Statistically speaking, donating bone marrow is considered extremely low-risk. According to the National Marrow Donor Program, only 2.4 percent of donors experience serious complications, which typically come either from the use of anesthesia or from damage to bones, nerves or muscles in the hip region. A 2009 study in Haematologica, the journal of the European Hematology Association, found that out of more than 51,000 stem cell transplants that took place over a 12-year period, only five donor fatalities were reported.

As with any surgical procedure, though, there’s always the possibility that something could go wrong or the patient could have an adverse reaction. In one rare case, Lina Joy, a dental office manager in California, contracted a staph infection and fell into a coma after donating bone marrow in 1997. The near-death experience left her with lifelong health problems, the Los Angeles Times reported, and she later filed a medical malpractice suit against the hospital and doctors that was settled for an undisclosed sum.

In Westfield, a suburban community located less than 30 miles from Manhattan, the beloved principal’s untimely death inspired an outpouring of tributes this week from students, community members and state leaders. Described by one local politician as “a truly selfless leader,” Nelson had started teaching in New Jersey public schools in 2002 and worked his way up to becoming the principal of Westfield High School in 2017. He also spent more than 20 years in the Army Reserves while earning his master’s and doctorate degrees in education administration, and at one point was deployed to the Middle East, according to school officials.

“His final act was one of selflessness,” wrote Gov. Phil Murphy, a Democrat, who said that Nelson had “embodied all that makes New Jersey great.”

To one student, Nelson was someone who “always tried to lift people up instead of bringing them down” and “was always there for support rather than discipline even though that was part of his job.”

“He was the type of man that used authority but was still such an approachable man,” another student recalled. “I can’t name a single person that didn’t like him.”

Westfield Superintendent Margaret Dolan said in a statement on Tuesday that she had heard from everyone from parents to custodians to nurses after learning about Nelson’s death. “Many had stories of how he had helped them as they dealt with an illness,” she wrote. “Others recalled his infectious laugh or his commitment to his students.

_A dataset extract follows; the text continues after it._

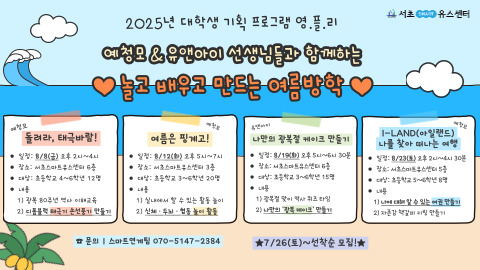 서초유스센터에서는 서초구의 미래인재 양성을 위해 다양한 활동을 제공하고 있습니다.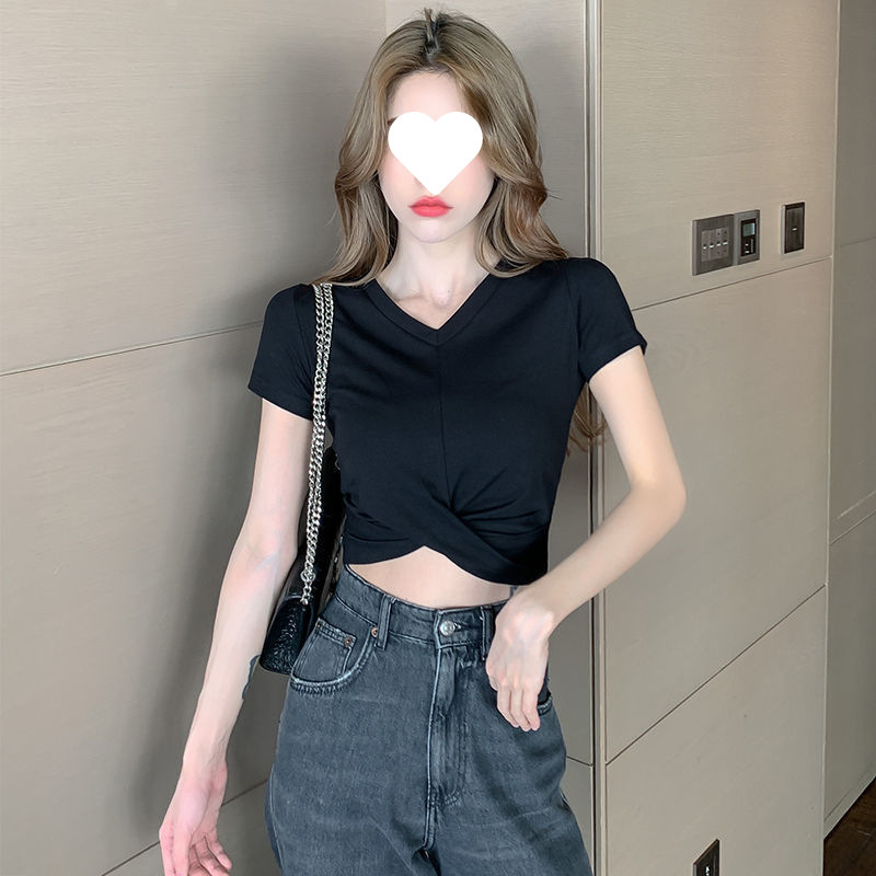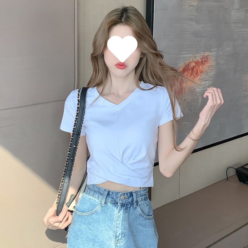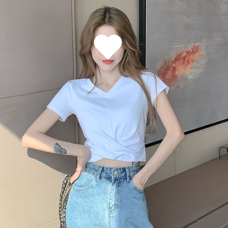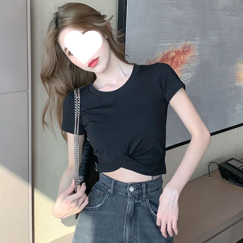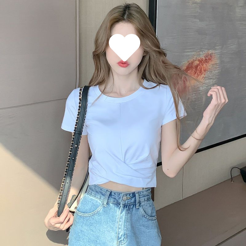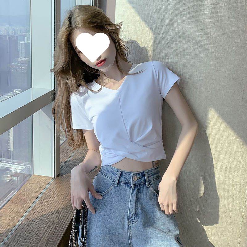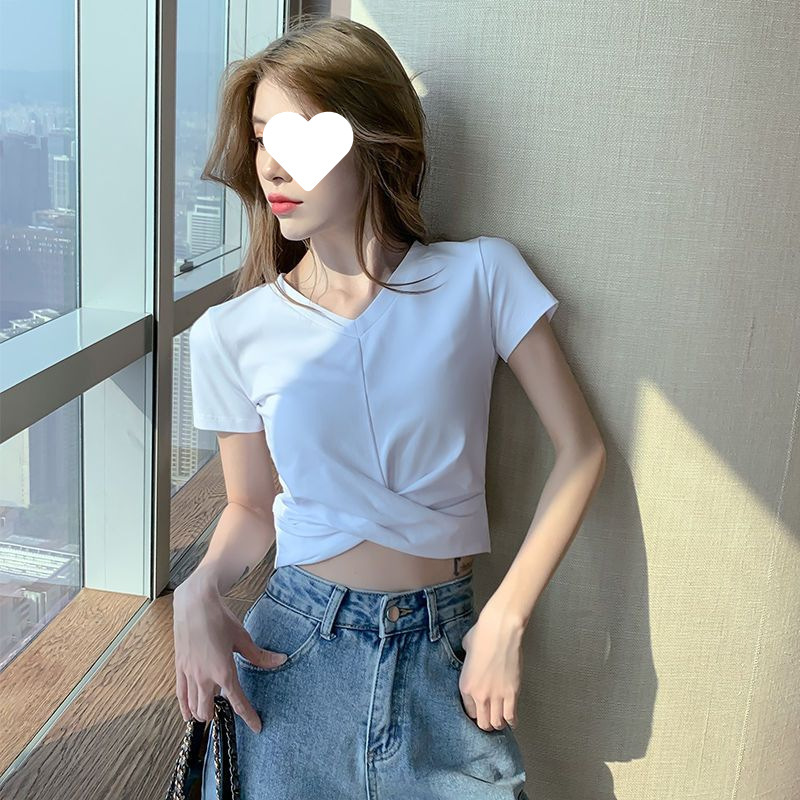 Главная страница > Белый короткий укороченный топ для женщин, с коротким рукавом, модный в Instagram, миниатюрный, приталенный, с половиной рукава, облегающий, укороченный, с высокой талией, стильная футболка на лето.

I remember how he was forever taking on a new challenge, working to better understand a new curriculum, looking for ways to improve a complex high school schedule.”

In addition to his parents, Nelson’s survivors include a fiancee and a 6-year-old daughter, local media outlets reported. His fiancee, Sheronda Braker, described him in a statement to WABC as “a tremendous father to our beloved daughter Morgan and the best companion and life partner I could have ever asked for,” adding that he had loved his family almost beyond belief.

“His last kind and generous act on this earth in giving so someone else might live is a true testament to who he was and how he should always be remembered,” she wrote.